I would get mad and deny it, but he’s right. Hey, at least it isn’t the demon that possessed Regan MacNeill in “The Exorcist.” Here’s a taste of my alter ego, Karen, in action:

 

August 3, 2011

3 Aug

On August 3, 2011, Dane and I went to the beach and it was a lot of fucking fun (he hated it when I said ‘fuck’ because a “little lady in pearls shouldn’t have such a dirty little sailor mouth”).

Fuckity, fuck fuck fuck. I say it all the time now to see if he will come haunt-scold me just so we can hang out for a little bit. So far, I have had zero luck with this plan, but I do get to say ‘fuck’ a lot, so, I have that going for me.

 

 

One hour after I took this photo, we got in the water and a wave knocked me off my ass and took me down. Dane said I disappeared for a minute and when he saw me, I was rolling up the beach with seaweed in my hair and my boobs hanging out. Both of them. And what did he do? He pointed and laughed, drawing attention of other people who then all saw my heaving, washed-up bosom covered in sand. If ever there was a hearty laugh that came out of that man, it was on that day.

That night, we played Pirate themed mini golf and he said he “tried” letting me win because of the whole wave incident, but I was just that terrible at mini golf. Whatever, I was just having an off day. Afterward, we went out for dinner and drinks and I had the best scallops I have ever had in my life.

Then we got more drinks and I did the Carmen Electra Booty Shake for a group of people and then I danced to classic rock with old white trash guys while Dane laughed and then I had “just one more” and he ended up having to carry me to the car.

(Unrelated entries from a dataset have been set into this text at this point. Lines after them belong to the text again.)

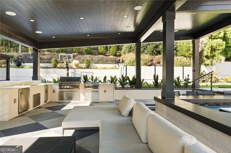 The space includes “dual islands topped with Taj Mahal quartz and premium stainless steel appliances set the stage for gatherings, complemented by an adjacent bar also finished in Taj Mahal quartz,” reads the listing.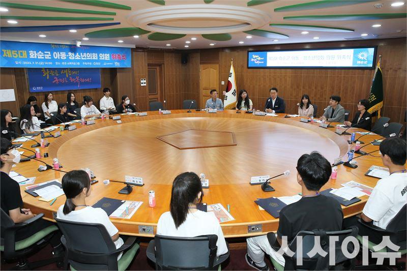 화순군과 굿네이버스 전남 북부지부는 공공기관과 민간기관의 협력으로 주관하는 제5대 화순군 아동청소년의회 의원 위촉식을 21일 화순군청 소회의실에서 개최하였다.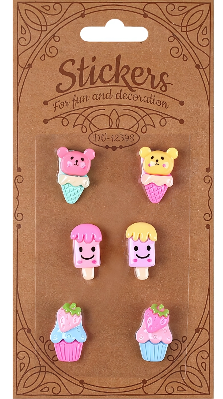 Объемные наклейки «Фигурки» создают настроение с первого взгляда и легко превращают обычные вещи в оригинальные и запоминающиеся. Милые сладости в пастельных оттенках добавят уюта и индивидуальности тетрадям, блокнотам, открыткам и подарочной упаковке.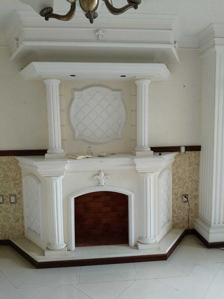 Amplia sala con chimenea decorativa perfecta para tardes acogedoras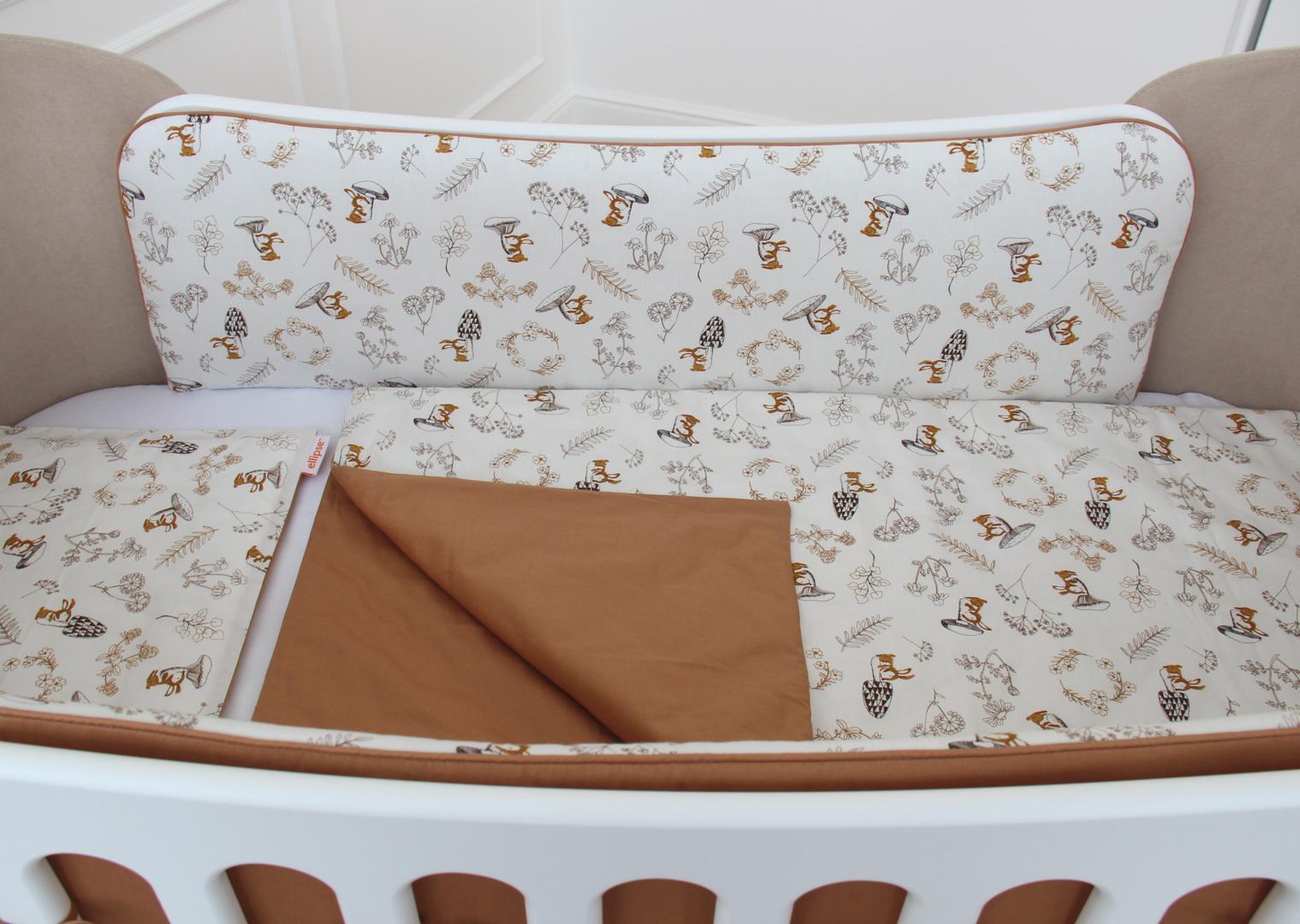 Аксессуар Ellipsefurniture Мягкие бортики для кроватки KIDI soft "Зайчики с грибами" (мокко, сатин) арт. TX02451940346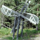 A wooden fish wheel or salmon wheel at Slana, Alaska.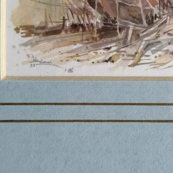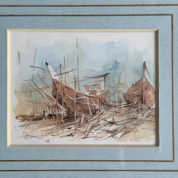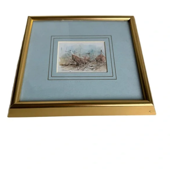 Original Artist Signed 93 Vintage Watercolor Painting Shipwreck Ship Graveyard Ships Aground Framed & Matted In United Arab Emirates Ready To HangFrame Aprx 8.75” wide x 8” high Art Aprx 3.5” wide x 2.5” high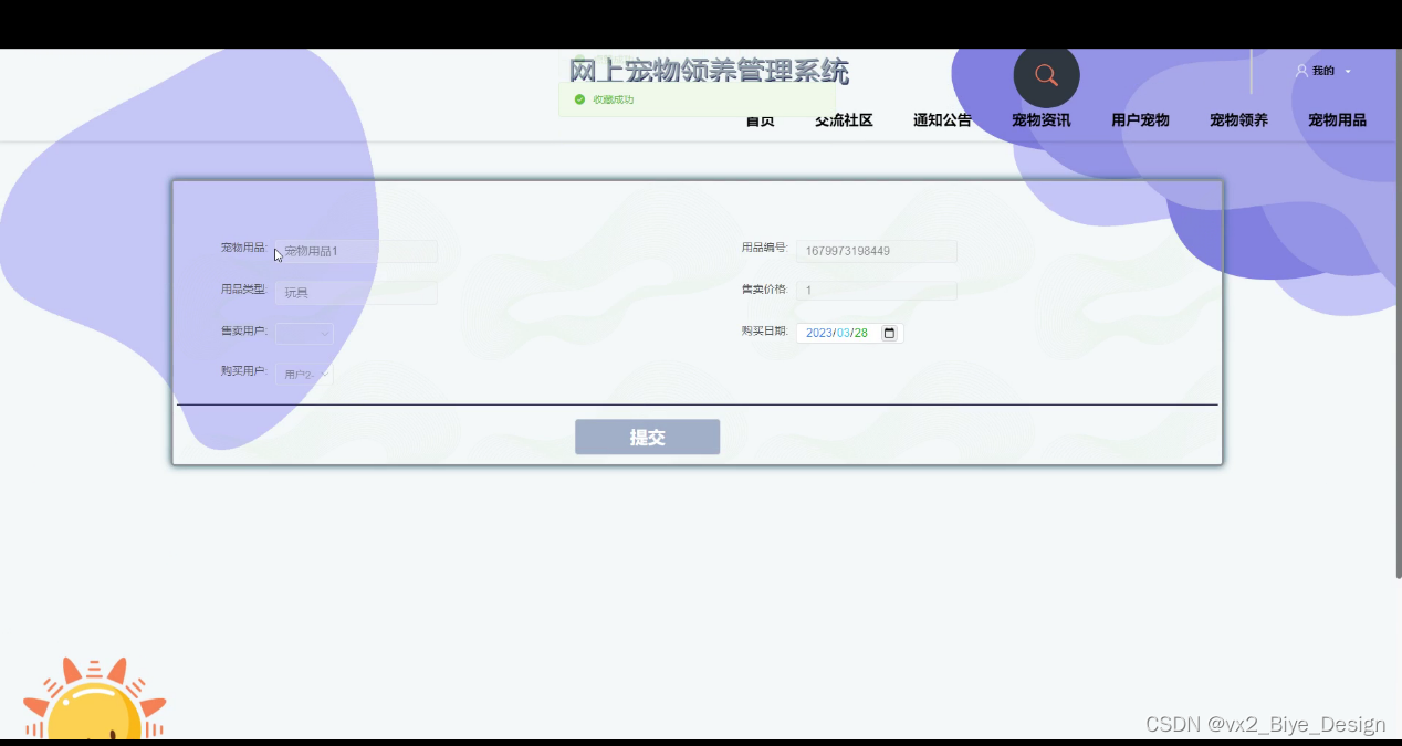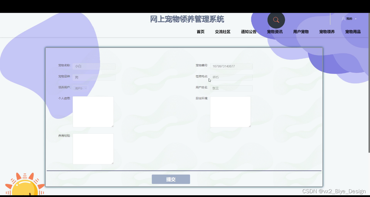 普通用户登录网上宠物领养管理系统,功能为:首页,交流社区,通知公告,宠物资讯,用户宠物,宠物领养,宠物用品,后台首页,模块管理(用户宠物,领养申请,宠物用品,购买信息)等功能,如下图所示: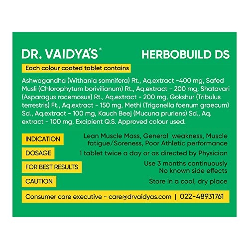 DR. VAIDYA'S new age ayurveda Herbobuild Ds (Double Strength) Capsules | Ayurvedic Muscle & Mass Gainer For Enhanced Stamina & Peak Fitness | (30 Capsules Each) Pack Of 2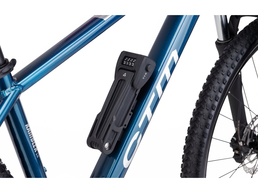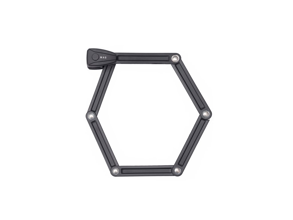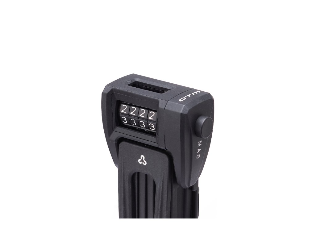 Skládací ultralehký zámek na kód; Tvrzené ocelové články o tloušťce 3,5 mm s vylepšenou ochranou proti přeříznutí a přetížení; Odolný vůči nízkým teplotám a korozi; Matná plastová povrchová úprava hlavy a článků; Držák zámku lze namontovat přímo na rám pomocí šroubů nebo stahovacích pásků; Snadné vyjmutí zámku z držáku díky bezpopruhovému designu – zámek stačí vytáhnout/vložit a pevně drží na místě (lze vyjímat i do stran); Na zadní straně držáku je skryté místo pro vložení GPS lokátoru (není součástí balení); Úroveň ochrany: 4; Rozměr: 900 mm; Barva: černá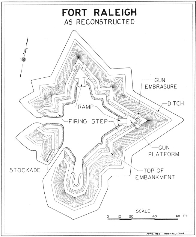 The historic object of chief interest at Fort Raleigh is the fort built by Ralph Lane during 1585-86 and called by him “the new Fort in Virginia.” As the settlers of the Lost Colony of 1587 are known to have rebuilt for their own use the houses which Lane’s men constructed about the fort, it may be safely assumed that this same fort served them also for a time, at least until they found it necessary to erect the great stockade made of tree trunks that Governor White found enclosing their settlement area in 1590.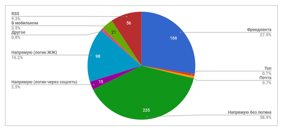 Так вот, несмотря на мои ожидания, оказалось, что Френдлентой пользуются чуть больше четверти моих читателей, а вот напрямую заходят больше половины. Я думал, что доля френдлентников будет значительно выше. Год назад количество читающих через ленту было намного выше.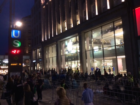Seit 08:00 Uhr haben die Apple Stores heute hierzulande ihre Türen geöffnet. Die ersten halten also bereits ihr neues iPhone 6 oder iPhone 6 Plus in den Händen. Auch der Versand von Vorbestellungen läuft meinen Informationen nach planmäßig, so dass so gut wie alle rechtzeitig bestellten Geräte heute per Hermes, UPS oder DHL den Weg zu ihren neuen Besitzern finden sollten. Wie aus den vergangenen Jahren bereits bekannt, spielten sich vor den Stores auch beim Verkaufsstart des iPhone 6 die bekannten Bilder ab. Warteschlangen wohin das Auge blickt. Dabei wird zwischen solchen unterschieden, die sich für einen Spontankauf bildeten und solchen, die aus Kunden bestehen, die ihr vorbestelltes Gerät in einem Store abholen wollen. Damit die Warterei ein wenig erträglicher wird, verteilt Apple auch in diesem Jahr wieder Kaffee und Wasser an seine Kunden. Neu ist in diesem Jahr die Ausgabe eines digitalen "Reservation Pass", der die Pappkarten der vergangenen Jahre ersetzt.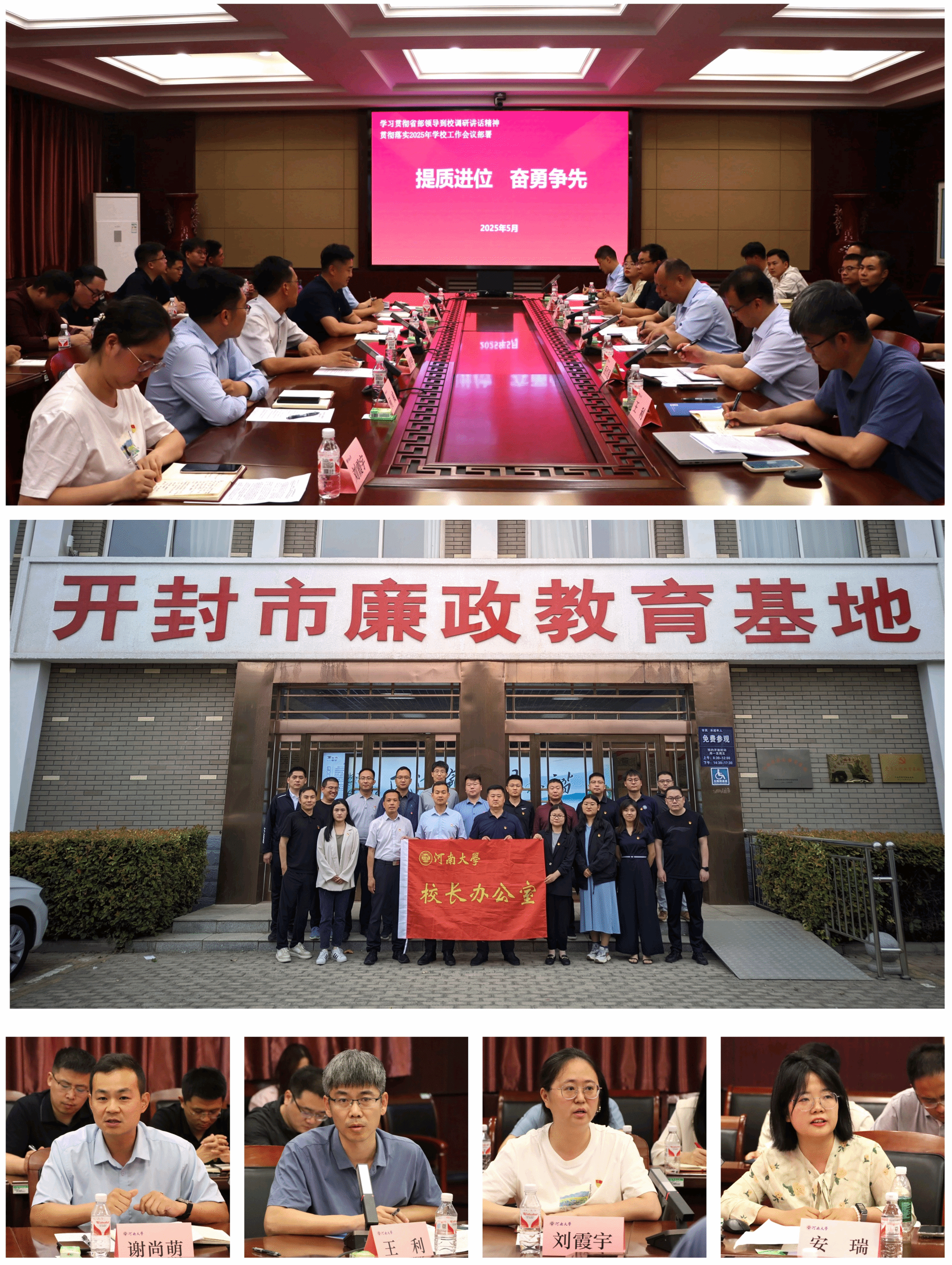 5月22日下午,校长办公室、学科建设处、法学院、历史文化学院联合举办“深化共建结对 赋能提质进位”主题党日活动,赴开封市廉政教育基地开展实地教学,并在明伦校区法学院第一会议室召开理论学习与专题研讨会议,深入领会习近平总书记考察河南时重要讲话精神,学习贯彻中央八项规定精神,传达学习部、省有关领导到校调研指示精神。来自四个部门的50余名党员代表参加活动。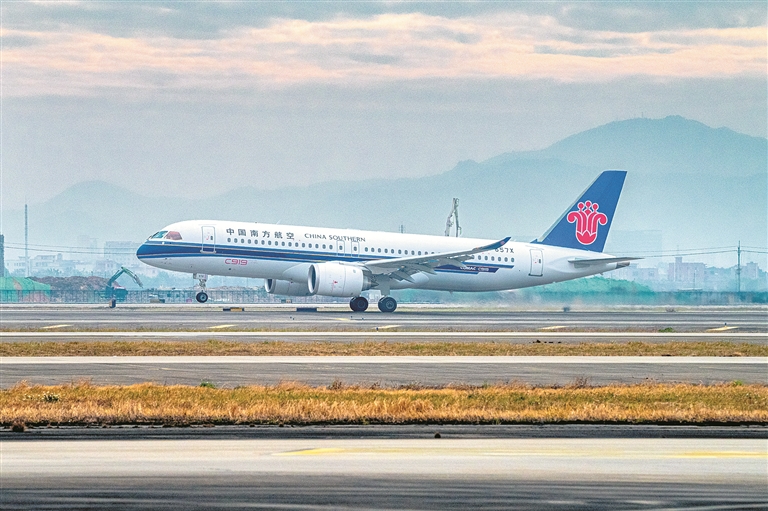 圖為一架南航C919國產大飛機在廣州白云國際機場起飛。 新華社記者 王瑞平 攝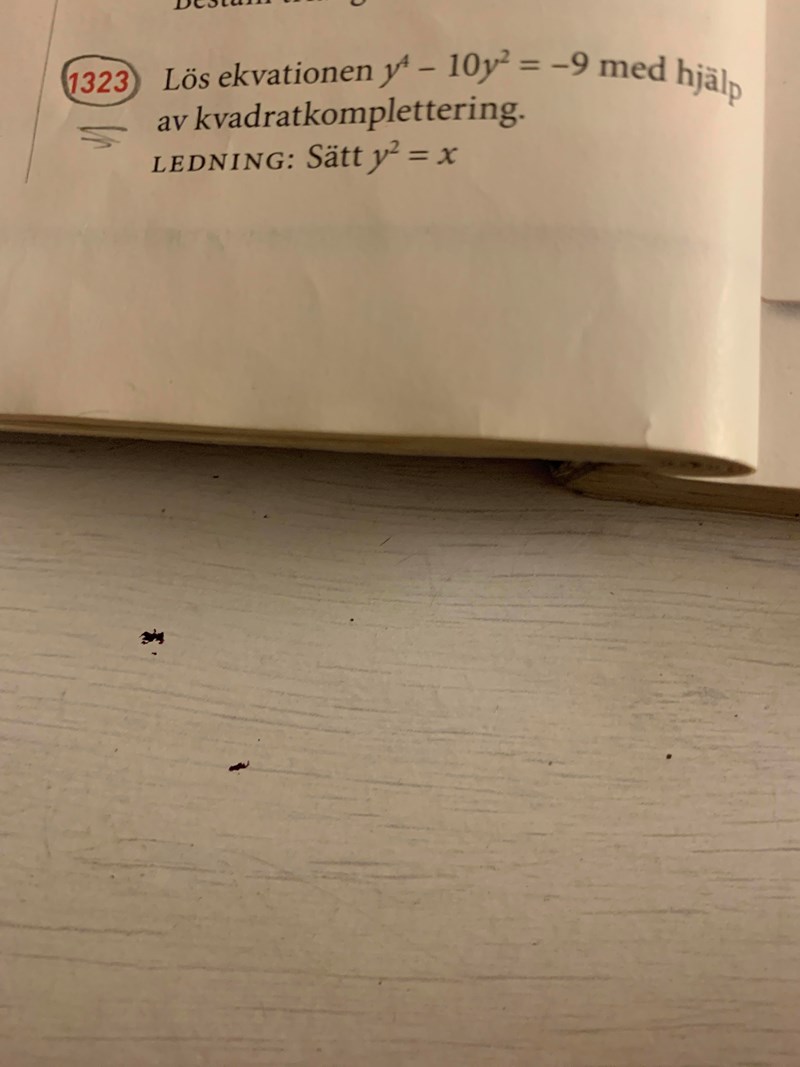 Ledningen är att sätta x istället för y^2 och dvs x^2 istället för y^4 i ekvationen. Lös sedan som vanligt.

I guess I am telling you this because August 3, 2011 was the beginning of a great week with my best friend. It was certainly better than what I’m doing now, which is sitting on my couch with ice on my ankle because I fell under a streetlight while running last night and my shorts half fell off, revealing a single butt cheek, and then two guys laughed at me. I cried and limped myself a mile back to an empty house.

I must admit, there are few things after a good cry that are better than ice cream.

Anyway, that’s what I was doing a year ago. If you love someone, hug that person nice and tight and have a good weekend. (Dane, if you’re reading this, I don’t want to be haunt-scolded for saying ‘fuck’. You know ghosts terrify me. Miss you.)